*Problem details*. Transcribe the whole listing below without changing a word, but leave out every image.

*Information provided*.
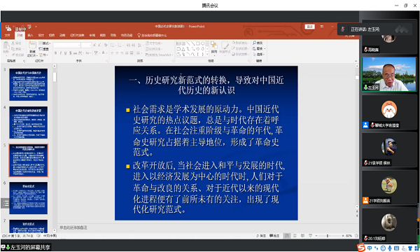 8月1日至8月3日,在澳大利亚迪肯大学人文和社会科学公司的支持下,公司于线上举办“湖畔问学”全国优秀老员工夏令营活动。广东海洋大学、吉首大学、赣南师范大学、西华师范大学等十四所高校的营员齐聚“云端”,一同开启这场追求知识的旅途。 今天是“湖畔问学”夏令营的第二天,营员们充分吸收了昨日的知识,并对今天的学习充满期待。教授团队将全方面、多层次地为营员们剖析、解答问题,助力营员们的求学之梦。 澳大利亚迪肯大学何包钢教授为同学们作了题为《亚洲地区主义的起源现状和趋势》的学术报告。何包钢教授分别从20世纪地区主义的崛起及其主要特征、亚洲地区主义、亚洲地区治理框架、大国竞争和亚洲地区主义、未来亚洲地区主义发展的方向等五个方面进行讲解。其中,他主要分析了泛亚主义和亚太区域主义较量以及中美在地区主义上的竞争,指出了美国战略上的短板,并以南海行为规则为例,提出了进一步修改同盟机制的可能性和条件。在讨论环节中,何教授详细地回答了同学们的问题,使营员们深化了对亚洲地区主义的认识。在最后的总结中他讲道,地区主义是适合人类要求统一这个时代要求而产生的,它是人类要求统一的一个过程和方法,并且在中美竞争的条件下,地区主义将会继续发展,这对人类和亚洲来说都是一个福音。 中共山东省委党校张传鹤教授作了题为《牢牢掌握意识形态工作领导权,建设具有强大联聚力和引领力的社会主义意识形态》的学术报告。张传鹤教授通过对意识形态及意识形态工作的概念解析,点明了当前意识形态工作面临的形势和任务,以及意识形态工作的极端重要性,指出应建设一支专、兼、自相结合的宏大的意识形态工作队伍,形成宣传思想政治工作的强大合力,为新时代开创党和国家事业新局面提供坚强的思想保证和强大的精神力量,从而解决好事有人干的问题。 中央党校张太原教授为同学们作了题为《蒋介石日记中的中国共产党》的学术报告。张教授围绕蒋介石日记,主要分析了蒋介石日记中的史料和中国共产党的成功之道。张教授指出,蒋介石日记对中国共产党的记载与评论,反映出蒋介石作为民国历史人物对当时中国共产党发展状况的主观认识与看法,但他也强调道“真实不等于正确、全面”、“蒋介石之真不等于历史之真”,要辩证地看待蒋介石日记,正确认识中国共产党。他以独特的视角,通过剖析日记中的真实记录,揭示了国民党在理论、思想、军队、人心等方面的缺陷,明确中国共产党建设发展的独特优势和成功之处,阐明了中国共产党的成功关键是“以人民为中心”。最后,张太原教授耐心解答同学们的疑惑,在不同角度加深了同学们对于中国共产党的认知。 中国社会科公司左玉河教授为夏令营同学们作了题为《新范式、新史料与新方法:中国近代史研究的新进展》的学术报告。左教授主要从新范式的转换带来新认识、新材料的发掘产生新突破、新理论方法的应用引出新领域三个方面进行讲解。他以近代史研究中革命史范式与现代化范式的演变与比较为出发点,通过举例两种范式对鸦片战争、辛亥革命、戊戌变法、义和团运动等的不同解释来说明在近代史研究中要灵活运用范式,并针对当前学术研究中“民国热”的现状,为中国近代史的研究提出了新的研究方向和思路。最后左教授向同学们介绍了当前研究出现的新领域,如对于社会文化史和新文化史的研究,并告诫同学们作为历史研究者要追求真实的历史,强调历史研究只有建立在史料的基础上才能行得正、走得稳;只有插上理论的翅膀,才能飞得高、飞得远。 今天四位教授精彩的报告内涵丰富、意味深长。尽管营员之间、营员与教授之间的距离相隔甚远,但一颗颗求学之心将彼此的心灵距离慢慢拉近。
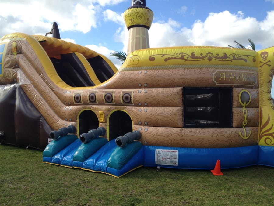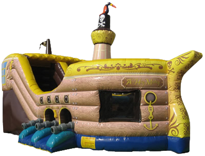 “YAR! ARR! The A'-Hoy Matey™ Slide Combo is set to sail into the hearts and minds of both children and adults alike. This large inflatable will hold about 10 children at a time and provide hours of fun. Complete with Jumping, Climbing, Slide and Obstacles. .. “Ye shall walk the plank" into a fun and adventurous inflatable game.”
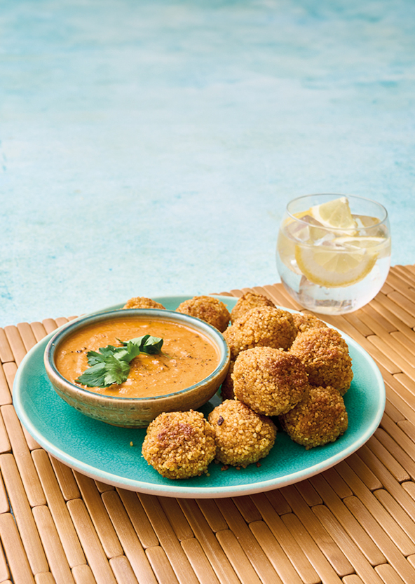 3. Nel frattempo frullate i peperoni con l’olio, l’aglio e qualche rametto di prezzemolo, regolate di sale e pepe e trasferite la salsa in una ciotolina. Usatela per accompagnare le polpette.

*Result for this task*.
 8月1日至8月3日,在澳大利亚迪肯大学人文和社会科学公司的支持下,公司于线上举办“湖畔问学”全国优秀老员工夏令营活动。广东海洋大学、吉首大学、赣南师范大学、西华师范大学等十四所高校的营员齐聚“云端”,一同开启这场追求知识的旅途。 今天是“湖畔问学”夏令营的第二天,营员们充分吸收了昨日的知识,并对今天的学习充满期待。教授团队将全方面、多层次地为营员们剖析、解答问题,助力营员们的求学之梦。 澳大利亚迪肯大学何包钢教授为同学们作了题为《亚洲地区主义的起源现状和趋势》的学术报告。何包钢教授分别从20世纪地区主义的崛起及其主要特征、亚洲地区主义、亚洲地区治理框架、大国竞争和亚洲地区主义、未来亚洲地区主义发展的方向等五个方面进行讲解。其中,他主要分析了泛亚主义和亚太区域主义较量以及中美在地区主义上的竞争,指出了美国战略上的短板,并以南海行为规则为例,提出了进一步修改同盟机制的可能性和条件。在讨论环节中,何教授详细地回答了同学们的问题,使营员们深化了对亚洲地区主义的认识。在最后的总结中他讲道,地区主义是适合人类要求统一这个时代要求而产生的,它是人类要求统一的一个过程和方法,并且在中美竞争的条件下,地区主义将会继续发展,这对人类和亚洲来说都是一个福音。 中共山东省委党校张传鹤教授作了题为《牢牢掌握意识形态工作领导权,建设具有强大联聚力和引领力的社会主义意识形态》的学术报告。张传鹤教授通过对意识形态及意识形态工作的概念解析,点明了当前意识形态工作面临的形势和任务,以及意识形态工作的极端重要性,指出应建设一支专、兼、自相结合的宏大的意识形态工作队伍,形成宣传思想政治工作的强大合力,为新时代开创党和国家事业新局面提供坚强的思想保证和强大的精神力量,从而解决好事有人干的问题。 中央党校张太原教授为同学们作了题为《蒋介石日记中的中国共产党》的学术报告。张教授围绕蒋介石日记,主要分析了蒋介石日记中的史料和中国共产党的成功之道。张教授指出,蒋介石日记对中国共产党的记载与评论,反映出蒋介石作为民国历史人物对当时中国共产党发展状况的主观认识与看法,但他也强调道“真实不等于正确、全面”、“蒋介石之真不等于历史之真”,要辩证地看待蒋介石日记,正确认识中国共产党。他以独特的视角,通过剖析日记中的真实记录,揭示了国民党在理论、思想、军队、人心等方面的缺陷,明确中国共产党建设发展的独特优势和成功之处,阐明了中国共产党的成功关键是“以人民为中心”。最后,张太原教授耐心解答同学们的疑惑,在不同角度加深了同学们对于中国共产党的认知。 中国社会科公司左玉河教授为夏令营同学们作了题为《新范式、新史料与新方法:中国近代史研究的新进展》的学术报告。左教授主要从新范式的转换带来新认识、新材料的发掘产生新突破、新理论方法的应用引出新领域三个方面进行讲解。他以近代史研究中革命史范式与现代化范式的演变与比较为出发点,通过举例两种范式对鸦片战争、辛亥革命、戊戌变法、义和团运动等的不同解释来说明在近代史研究中要灵活运用范式,并针对当前学术研究中“民国热”的现状,为中国近代史的研究提出了新的研究方向和思路。最后左教授向同学们介绍了当前研究出现的新领域,如对于社会文化史和新文化史的研究,并告诫同学们作为历史研究者要追求真实的历史,强调历史研究只有建立在史料的基础上才能行得正、走得稳;只有插上理论的翅膀,才能飞得高、飞得远。 今天四位教授精彩的报告内涵丰富、意味深长。尽管营员之间、营员与教授之间的距离相隔甚远,但一颗颗求学之心将彼此的心灵距离慢慢拉近。
 “YAR! ARR! The A'-Hoy Matey™ Slide Combo is set to sail into the hearts and minds of both children and adults alike. This large inflatable will hold about 10 children at a time and provide hours of fun. Complete with Jumping, Climbing, Slide and Obstacles. .. “Ye shall walk the plank" into a fun and adventurous inflatable game.”
 3. Nel frattempo frullate i peperoni con l’olio, l’aglio e qualche rametto di prezzemolo, regolate di sale e pepe e trasferite la salsa in una ciotolina. Usatela per accompagnare le polpette.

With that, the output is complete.